REQUIRED WORK »
Begin at the line containing "Neon Pink Bob" in the records below, end at the line containing "Enjoy executive city", and retype each line in that span exactly. No other line and no image should appear.

Items from a data source:
━━━━━━━━

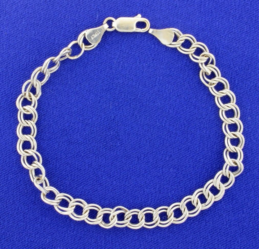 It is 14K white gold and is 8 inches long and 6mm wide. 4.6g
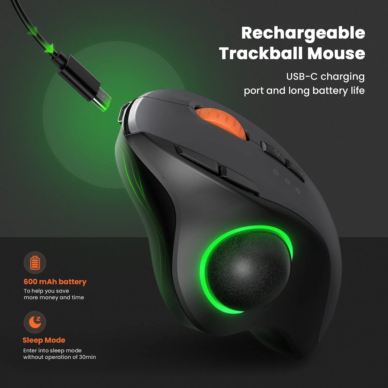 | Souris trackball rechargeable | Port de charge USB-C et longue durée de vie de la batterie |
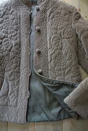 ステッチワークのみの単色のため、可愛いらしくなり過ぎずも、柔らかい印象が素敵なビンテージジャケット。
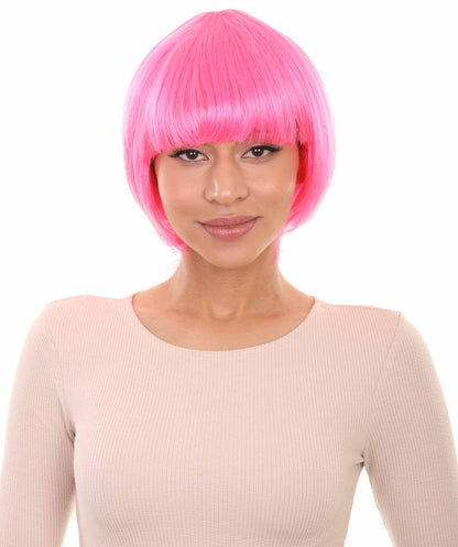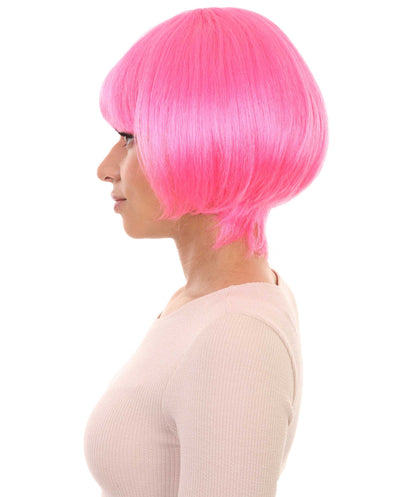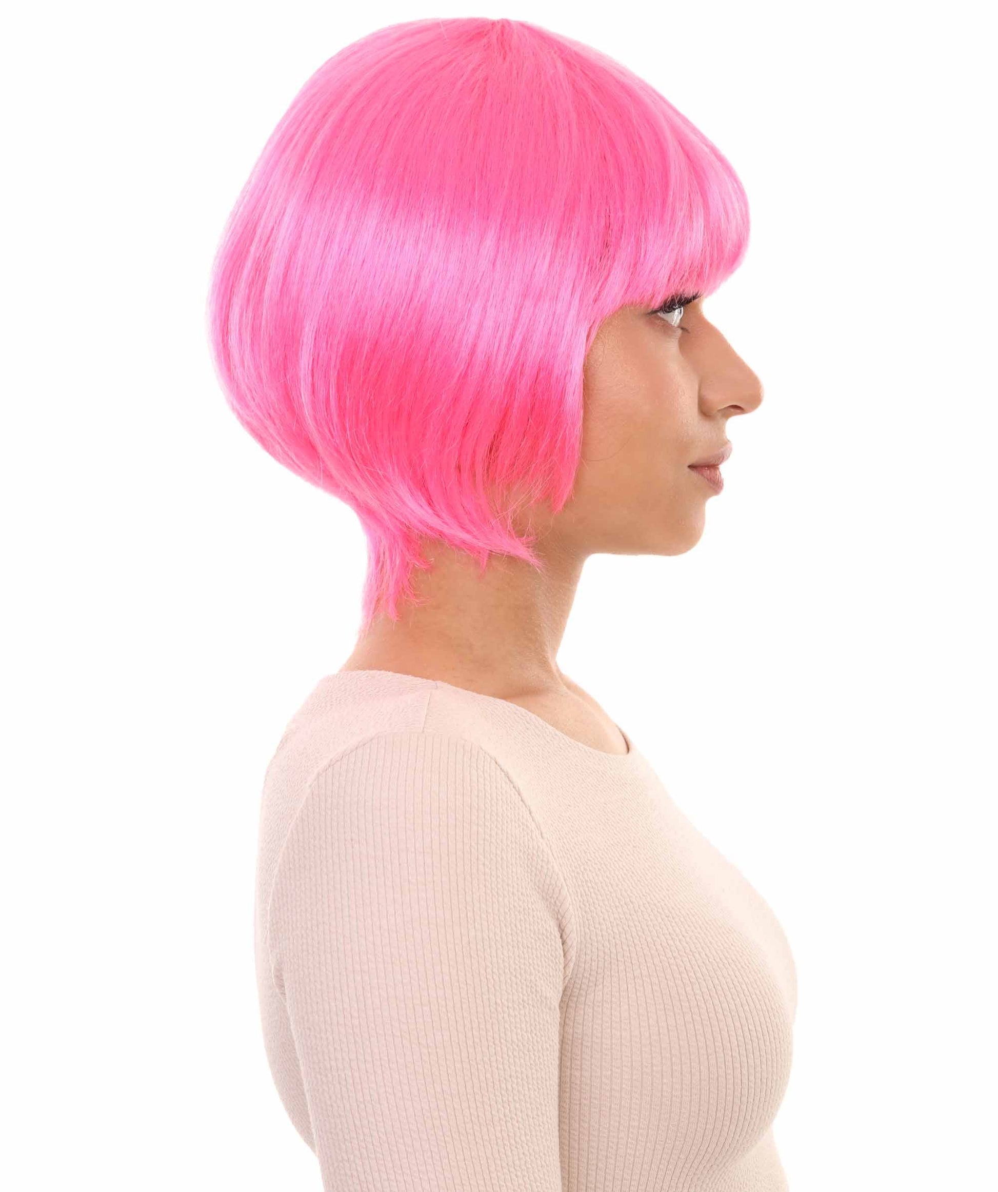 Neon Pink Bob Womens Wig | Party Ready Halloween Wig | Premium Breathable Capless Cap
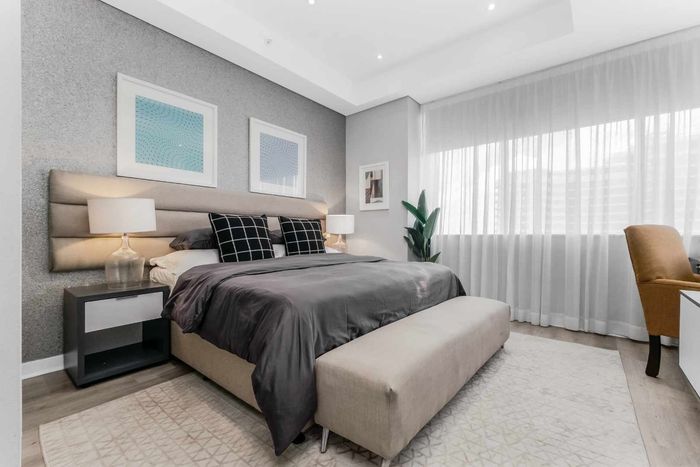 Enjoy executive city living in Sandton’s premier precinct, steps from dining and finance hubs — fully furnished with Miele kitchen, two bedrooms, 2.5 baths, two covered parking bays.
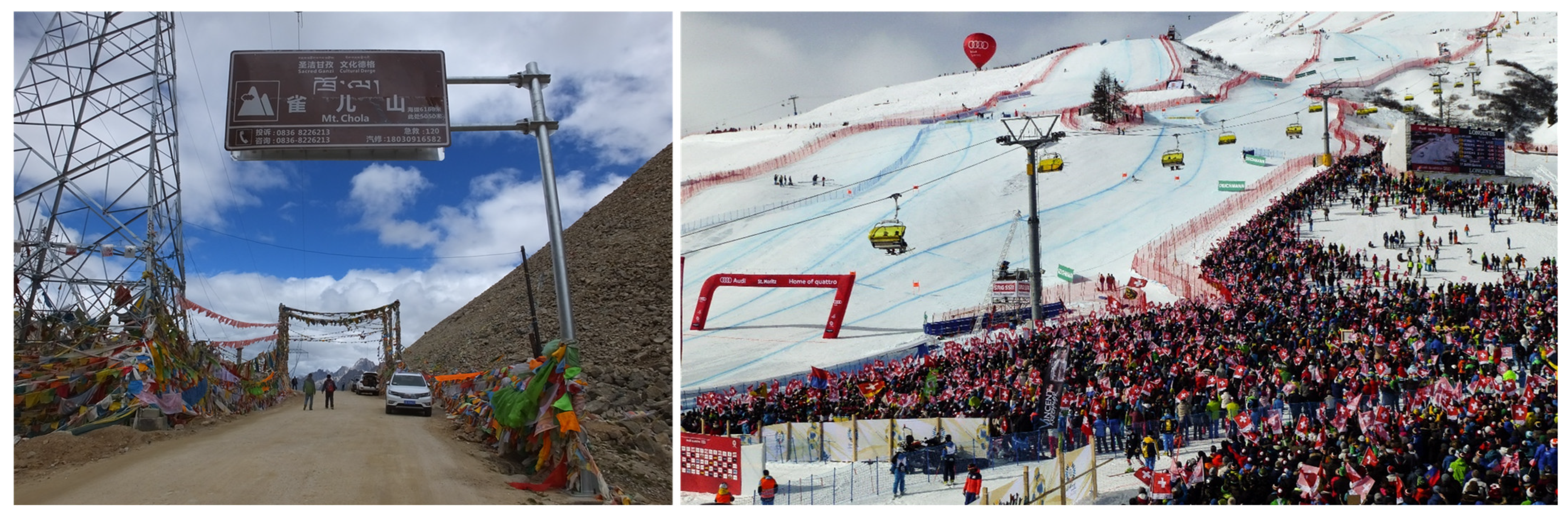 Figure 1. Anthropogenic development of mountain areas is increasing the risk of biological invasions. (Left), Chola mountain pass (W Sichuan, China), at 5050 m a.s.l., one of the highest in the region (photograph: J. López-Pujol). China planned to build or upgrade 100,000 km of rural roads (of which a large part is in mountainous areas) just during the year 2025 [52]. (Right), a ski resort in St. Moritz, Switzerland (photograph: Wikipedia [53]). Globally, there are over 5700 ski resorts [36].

━━━━━━━━

EXERCISE RESULT »
 Neon Pink Bob Womens Wig | Party Ready Halloween Wig | Premium Breathable Capless Cap
 Enjoy executive city living in Sandton’s premier precinct, steps from dining and finance hubs — fully furnished with Miele kitchen, two bedrooms, 2.5 baths, two covered parking bays.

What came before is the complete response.